Iconic Artists Donate Work to Help Get Out the Vote

Planyourvote.org, an artistic initiative, empowers citizens to exercise their voting rights

| 07 Oct 2020 | 03:05

“The people have the power, To redeem the work of fools, Upon the meek the graces shower, It’s decreed the people rule.” The anthem, “People Have the Power,” written in 1988 by Patti Smith and Fred “Sonic” Smith, has been sung around the world in hope, defiance, protest and support by choirs, on streets, and by Patti Smith at the Rock & Roll Hall of Fame. Now Smith recites it to accompany a video in which hands composed of the word “vote” flash and float across the screen.

They are among many hands reaching out from contemporary artists and arts organizations on planyourvote.org. Dozens of museums and more than sixty visual artists from all over the country have donated time, creativity and their artworks.
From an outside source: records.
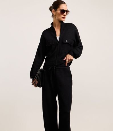 Calça Cintura Alta em Tricô Mescla com ELástico no Cós
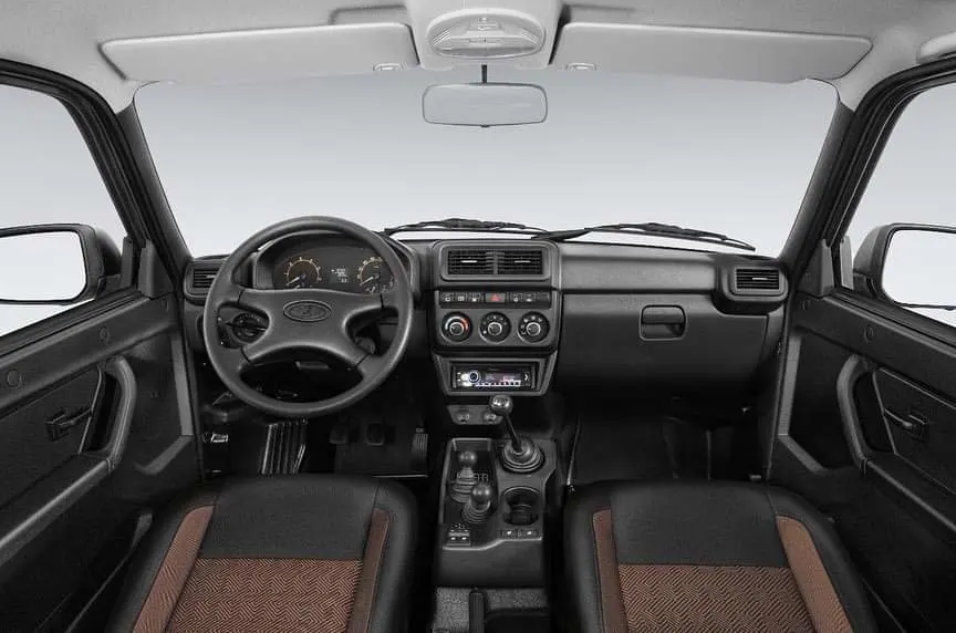 - Декоративная отделка: Интерьер черного цвета, обивка сидений коричневого цвета
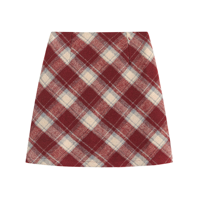 毛呢红色格子半身裙女秋冬微胖mm大码小个子高腰显瘦a字包臀短裙
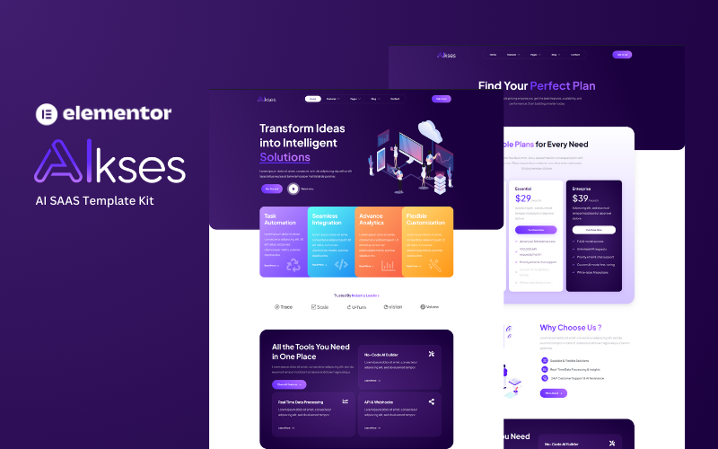 AIkses is a sleek and contemporary Elementor Template Kit crafted for startups and businesses in the AI, SaaS, and tech sectors. Whether you're building a platform for digital tools, smart applications, or innovative tech solutions, AIkses gives you the flexibility to launch a stunning WordPress site—no coding required.
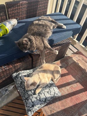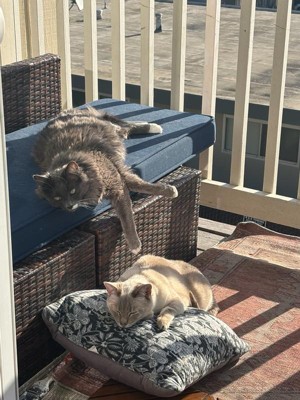 [This review was collected as part of a promotion.] Cat approved!! Besides the pet hair that sticks like glue to this fabric, I can’t find much that I don’t like about this cushion! Cleans easily and sustains rainy weather. It’s sturdy but comfortable. Perfect for outdoors.
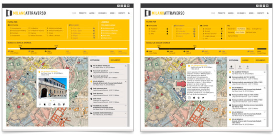 The solution developed for Aspi was then scaled, packaged, and commercialized by Promemoria SRL, an Italian company specialized in Collective Access installation and design. The same approach was then adopted for MilanoAttraverso, where, in addition to the integrated interface system based on WordPress, a module dedicated to geo-localized information on historical pre-geodetic cartography was developed.
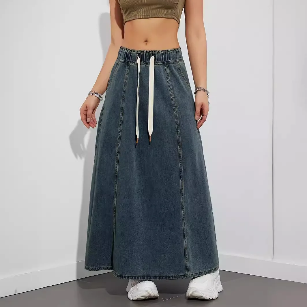 European and American Elastic Waist Loose Big Hem Skirt Denim Skirt Fashionable Retro Pull Rope Design Women's Casual Long Skirt
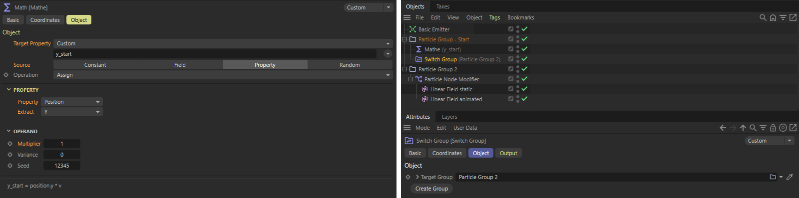 A Math modifier reads the Y-position of the particle and transfers it to the previously defined user property of the particle. Since a group change of the particles takes place immediately afterwards, the custom property only receives its Y start position once, directly after the creation of a particle at the Base emitter. These can then be accessed at any time within the subsequent Particle Node modifier in order to restore the original Y-position of each particle.
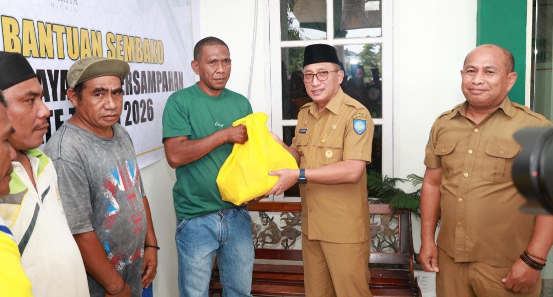 TERNATE, NUANSA – Pemerintah Kota Ternate menyalurkan bantuan paket sembako kepada 345 petugas kebersihan di kantor Dinas Lingkungan Hidup Kota Ternate, Senin (16/3).
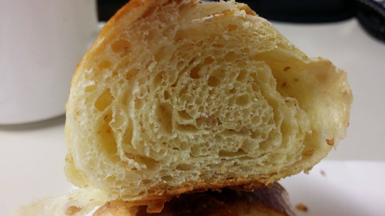 Devo dire il risultato è stato soddisfacente il cornetto risulta croccante all’esterno e morbido dentro, l’impasto era molto morbido e l’ho lavorato da freddo mente ho utilizzato burro piatto che invece ho lasciato che raggiungesse i 19 gradi, a mio avviso il connubio impasto freddo e burro piatto a 19 gradi (altrimenti sostituibile con burro tedesco appiattito precedentemente e lasciato riposare 3 ore in frigorifero poi portato alla temperatura di 15 gradi), il fatto che fosse così morbido mi ha permesso anche di poter sfogliare bene senza strappi.

Some are world famous, some may be a bit less so, but all are ardent in supporting the organization devoted to making sure that everyone who wants to vote can do so.

Art has long played an important role in politics. Names and faces gaze down from hieroglyphs. Roman rulers are immortalized in stone. In modern times, it’s not unusual for political messages to take the form of images on buttons, banners, posters and bumper stickers. What is unusual is for those images to be created by some of the most renowned and respected artists of the day.

Julie Mehretu is a contemporary painter who creates layered, energetic abstractions she’s referred to as “story maps of no location.” She’s the recipient of a MacArthur “Genius” grant as well as a U.S. Medal of the Arts, and she’s among Time Magazine’s 2020 “100 Most Influential People.” The Whitney, The Met, and MoMA all own works by Mehretu. Now, I do too. It’s a small, square composition with enigmatic markings suspended above dusk-hued background, similar to pieces in her recent solo show at LACMA. I downloaded it for free and printed it.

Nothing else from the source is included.